FIG. 13 is an explanatory view showing the entire configuration of the spherical wall excavator and how it enters into the groove, FIG. 14 and FIG. 15 are side views showing the configuration and operation of the spherical wall excavator, and FIG. Sectional view of the bow-shaped rail, FIG. 17 is a sectional view of the bow-shaped rail, FIG. 17 (A) is an explanatory view of the operation of the rear jack, and FIG. 18 to FIG. Side view, plan view, front view,
FIG. 21 is a cross-sectional view showing the relationship between a curved rail and a groove of a spherical wall excavator, FIG. 22 is an excavation procedure diagram, FIG. 23 is a rail support holding procedure diagram, FIG. 24 is a plan view showing an excavation procedure, FIG. 25 is a perspective view showing an excavation allowance for a unit longitude. 1 is a shaft, 2 is an outer peripheral wall, 8 is a groove, 9 is a spherical wall excavator, 11
Is a curved rail, 11a is an arcuate rail, 18 is a rear jack, 2
3 is a front jack, 25 is an excavator, and 30 is a sealing member.

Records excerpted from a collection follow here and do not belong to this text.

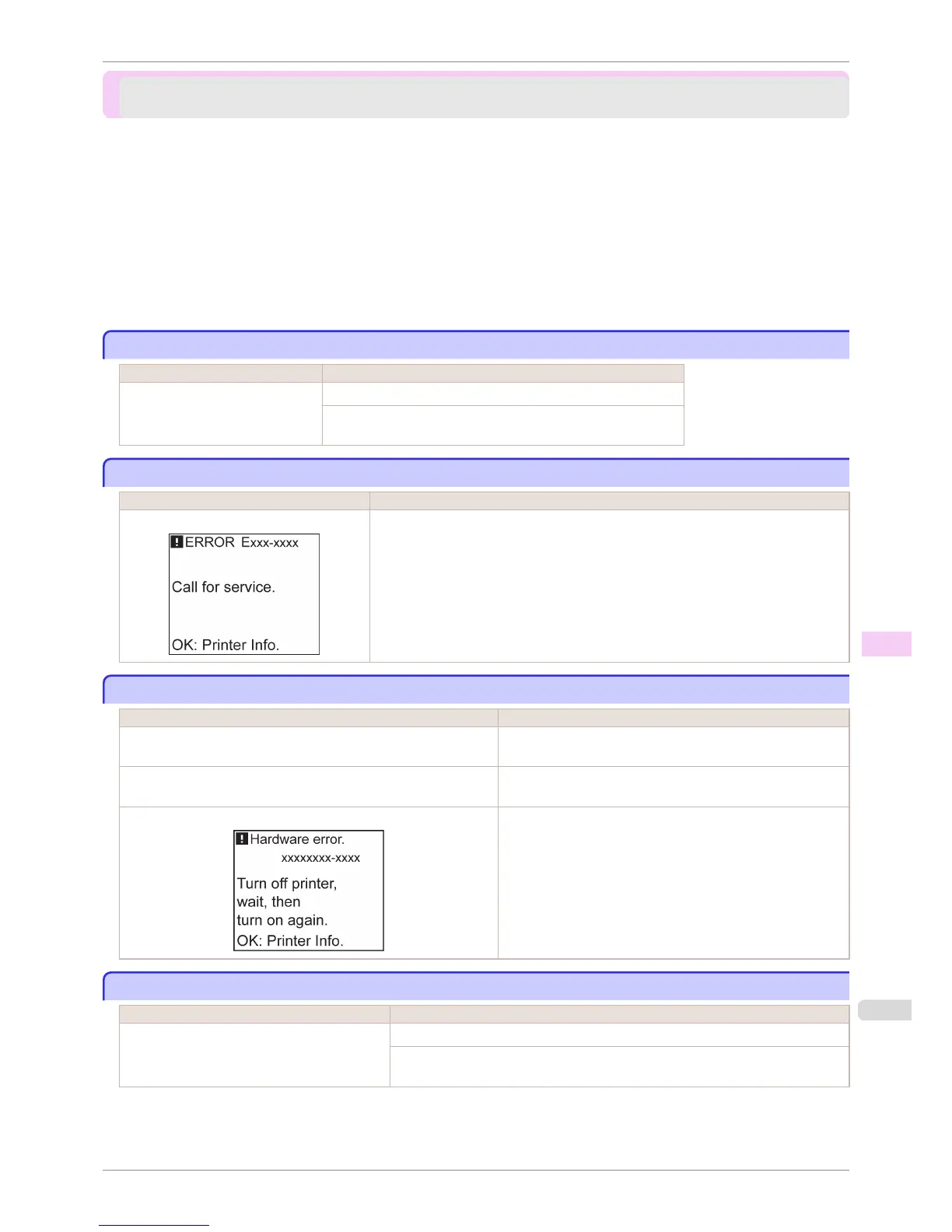 An error requiring service may have occurred. Turn off the printer and wait at least three seconds before restor-
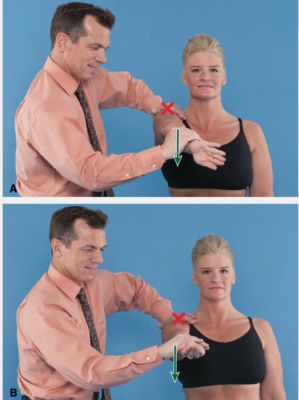 - Bệnh nhân đứng thư giãn với cánh tay dọc thân mình. Nắm lấy cánh tay và kéo xuống dưới.
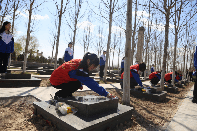 在革命烈士纪念碑旁,师生党员面向党旗,重温入党誓词。铿锵有力的誓言响彻陵园,彰显着新时代党员的责任与担当。学生党员陈天雨表示:“站在烈士墓前宣誓,让我更加深刻地感受到党员的使命,今后定要以实际行动践行誓言。”
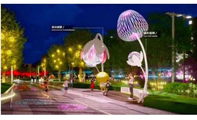 1.集约拓空间:打通联动脉络。在开敞空间设置花箱座椅、打造花卉主题景观,增设花语标识引导动线,优化夜间照明系统,建成“流光花街”“万象花屿”“栖野花墟”等主题步道。有效打通红军营站与朝来花卉市场、勇士营郊野公园的联通路径,实现空间集约高效利用。
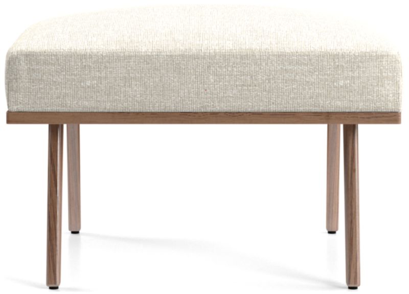 The Cavett ottoman props up feet on a basketweave cushion in varied tones of brown atop sleek, slender legs. The Cavett Ottoman is a Crate and Barrel exclusive.
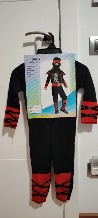 Disfraz de ninja para niños, ideal para fiestas o Halloween. Incluye máscara, cinturón y detalles de dragón. - Traje completo de ninja. - Diseño en color negro con detalles en rojo. - Estampado de dragón en la parte frontal.
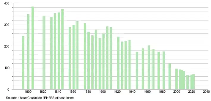 L'évolution du nombre d'habitants est connue à travers les recensements de la population effectués dans la commune depuis 1793. Pour les communes de moins de 10 000 habitants, une enquête de recensement portant sur toute la population est réalisée tous les cinq ans, les populations de référence des années intermédiaires étant quant à elles estimées par interpolation ou extrapolation[26]. Pour la commune, le premier recensement exhaustif entrant dans le cadre du nouveau dispositif a été réalisé en 2004[27].
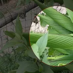 姜荷花的叶片为长椭圆形,中肋紫红色,在露天栽培下,平均叶片长度约为30厘米,宽度约5厘米,一般比花茎短。但在遮荫栽培下,叶片较为狭长,长度可达45厘米,有时甚至比花茎还长。
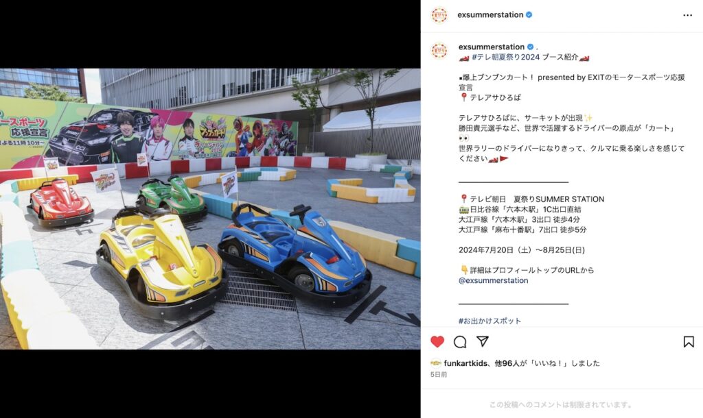 今年もテレビ朝日さんの六本木ヒルズ 夏祭り SUMMER STATIONに弊社のコンテンツでありますファンカートキッズEVを納品させて頂いております。ありがとうございます。
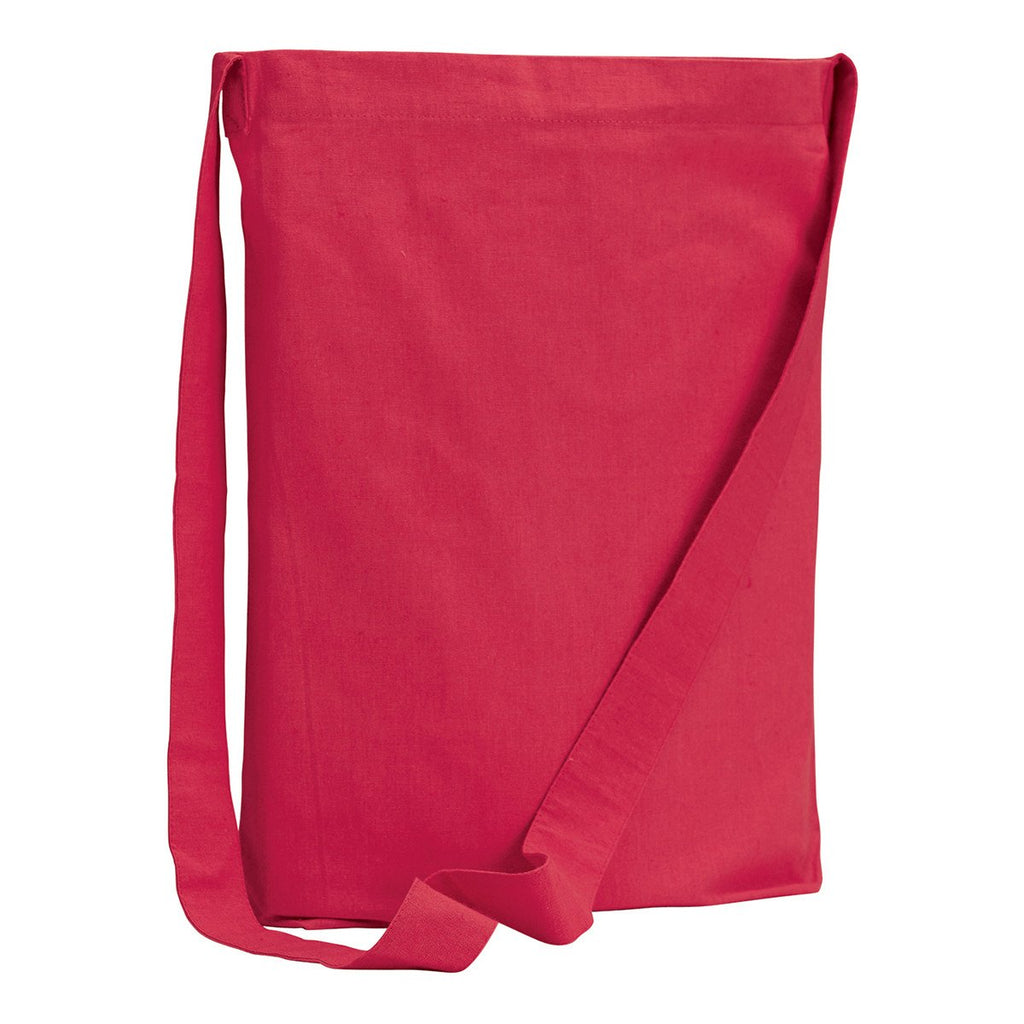 The minimum order for this product is 24 piecesYou might not think that a 100% cotton tote bag can handle the punishment inflicted on it at crowded markets. The 100% cotton BAGedge Red 6 oz Canvas Sling Tote bag resists the types of rips and tears that render other brand tote bags obsolete. Long carrying handles allow you to balance heavy loads against your hip to give you more movement flexibility in tight grocery store aisle. Place the tote on your right shoulder to grab a carton of milk out of the refrigeration unit and then quickly move the tote bag to the left shoulder to allow a customer to pass you by. Add a custom logo to promote your business to potential customers that shop at the same grocery and department stores.

 ──────────────────────────────────────────────────続 き Continued on the front page (73) Patent holder 999999999 Taisei Corporation 1-25-1, Nishishinjuku, Shinjuku-ku, Tokyo (73) Patent holder 999999999 Central Research Institute of Electric Power Industry 1 Otemachi, Chiyoda-ku, Tokyo ―6-1 (73) Patent Holder 999999999 Hitachi Construction Machinery Co., Ltd. 2-6-1 Otemachi, Chiyoda-ku, Tokyo (73) Patent Holder 999999999 Fujita Co., Ltd. 4-6-115 Sendagaya, Shibuya-ku, Tokyo ( 73) Patent holder 999999999 Komatsu Manufacturing Co., Ltd. 2-3-6 Akasaka, Minato-ku, Tokyo (72) Inventor Masao Hayashi 131-7 Wakamatsu, Abiko-shi, Chiba (72) Inventor Yoshitane Ishino Manda, Hiratsuka-shi, Kanagawa 1200 Komatsu Ltd. Laboratory (72) Inventor Kiyotake Mori 340-15 Iwasawa, Hanno City, Saitama Prefecture (56) References JP-A-2-157399 (JP, A) JP-A-1- 230894 (JP, A) JP-A-2-108798 (JP, A)

Claims (2)

(57) [Claims] 1. A shaft 1 is constructed from the ground, and a semicircular groove 8 is excavated radially from the shaft 1, and on the peripheral surface of the groove 8, both upper and lower ends are supported by a column 6 standing upright in the shaft. The connected curved spherical wall excavator 9 is installed, a curved groove excavation is performed by the spherical wall excavator 9, and thereafter, the vehicle is advanced by the amount of the excavation, and concrete is poured into the space on the rear side of the excavator. Then, the outer peripheral wall for the unit longitude is constructed, and thereafter, the above operation is repeated to close the outer peripheral wall, thereby constructing a spherical outer peripheral wall 2 composed of a spherical underground continuous wall, and then excavating the rock inside the outer peripheral wall 2. ,
This is discharged from the shaft 1 to construct a spherical underground cavity. 2. A curved rail 11 in which both ends are rotatably supported by a column 6 erected in a shaft 1 and a number of bow-shaped rails 11a are connected to bend freely, and one side of the curved rail 11 runs. An excavator 25 that excavates the opposite side of the curved rail 11 from one side, a front jack 23 provided on the excavator traveling side of the curved rail 11, and a rear jack 18 provided on the other side of the curved rail. And a sealing member 30 provided on the outer peripheral surface of the arc shape of the curved rail 11.